Stron: 1 2 3 4 5 6 7
Witam, jako że mam już 99% potrzebnych części i muszę już zacząć robić prace przygotowawcze zamierzam tutaj publikować dzienne postępy.
Poniżej zdjęcia zebranych przeze mnie kierunków do charta. Dziś będę wszystko rozbierał mył czyścił itd. Puki co nie mogę znaleźć tokarza który zrobi natnie mi gwinty (w rozsądnej cenie) na rurce z nierdzewki a moja narzynka nie daje rady Sad. Puki co wyczyszczę i pomaluję na srebrno oryginalne ośki i takie będę założone do czasu zrobienia nowych z nierdzewki. I zapomniałem dodać że odbudowuję dwa Charty Smile

Na ostatniej focie nowe nakrętki i podkładki (zwykłe i sprężynujące).

http://www.aukcjoner.pl/gallery/019824100-.html#I1

A wieczorkiem wrzucę efekt końcowy Smile
Będziesz malował ośki na koła? Napisz mi tylko po co? I tak między kołem a lagą, bądź wahaczem musisz zakryć dystans, czyli ośkę zasłaniasz, a chyba nie chcesz powiedzieć, że zapaćkasz farbą gwint?

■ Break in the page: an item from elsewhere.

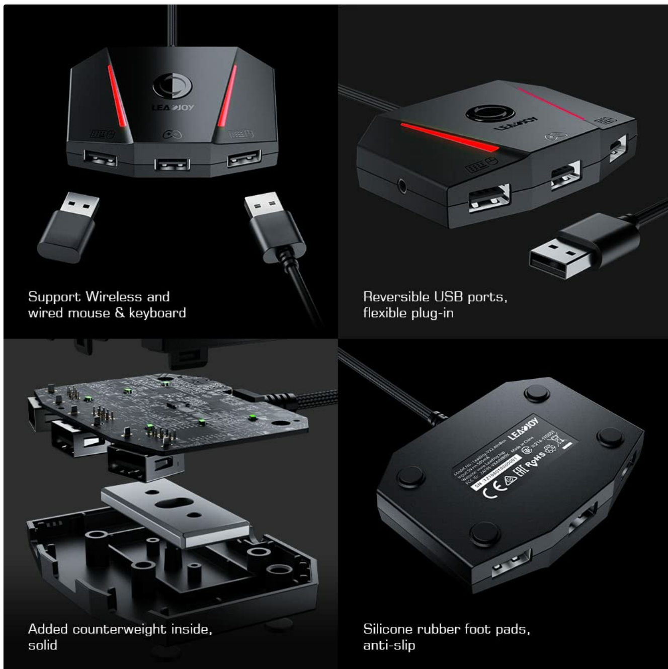
Image: An exploded view of the Leadjoy VX2 AimBox, showing its internal components including the circuit board, counterweight, and silicone rubber foot pads, indicating its solid construction.

Jak chcesz, żeby to 'wyglądało' to szczotka druciana w łapę i lecisz.
Hahaha, pisałem o kierunkach. Więc wynika to z kontekstu że pisze o ośkach kierunków.
I powiedz mi kto robi ośki kół z rurki nie pręta?
Tak w ogóle wyszło jak zawsze jednego kierunku nie rozebrałem bo śrubki przerdzewiały tak więc je zalałem cudem na zardzewiałe śruby, jak nie puszczą jutro rozwiercę na wiertarce stołowej by klosza nie uszkodzićSmile







Pozostało już tylko w sumie wyczyścić kilka części i pomalować ramę boczki i bak. Malowanie rozpocznie się w przyszłym tygodniu prawdopodobnie wszystko będę malował proszkowo bo po pierwsze znalazłem kogoś kto robi dość tanio po drugie robi to dobrze a po trzecie nie mam gdzie aktualnie malować. Błotników nie maluję zostaną tak jak są jedynie zostaną doczyszczone ta jedna końcówka została do docięcia wyciąłem i uzupełniłem uszkodzony kawałek. Wiązki zostały uzupełnione przemierzone i aktualnie moczą się w benzynie ekstrakcyjnej. Silników nie ruszam bo chodzą i to dość dobrze więc ich remont pozostawiam na zimę Smile
A bym zapomniał do ocynku dam jeszcze kilka części i pozostała wymiana obręczy kół w jednym a chartów prócz tego muszę kupić uszczelnienia i olej do amorków. I tu od razu pytanko jaki olej kupić i jakie simeringi i ile na jedną lagę?
Jak coś znowu uda mi zrobić to wrzucę Smile

Za dużo "i" w przedostatnim zdaniu... Proszę wybaczyć Smile
Widzę, że z rozmachem się do tego zabierasz Wink Powodzenia przy pracach!
Te kierunkowskazy z pierwszego postu są Twoje? Naliczyłem 3,5 kompletu. Szukam takich.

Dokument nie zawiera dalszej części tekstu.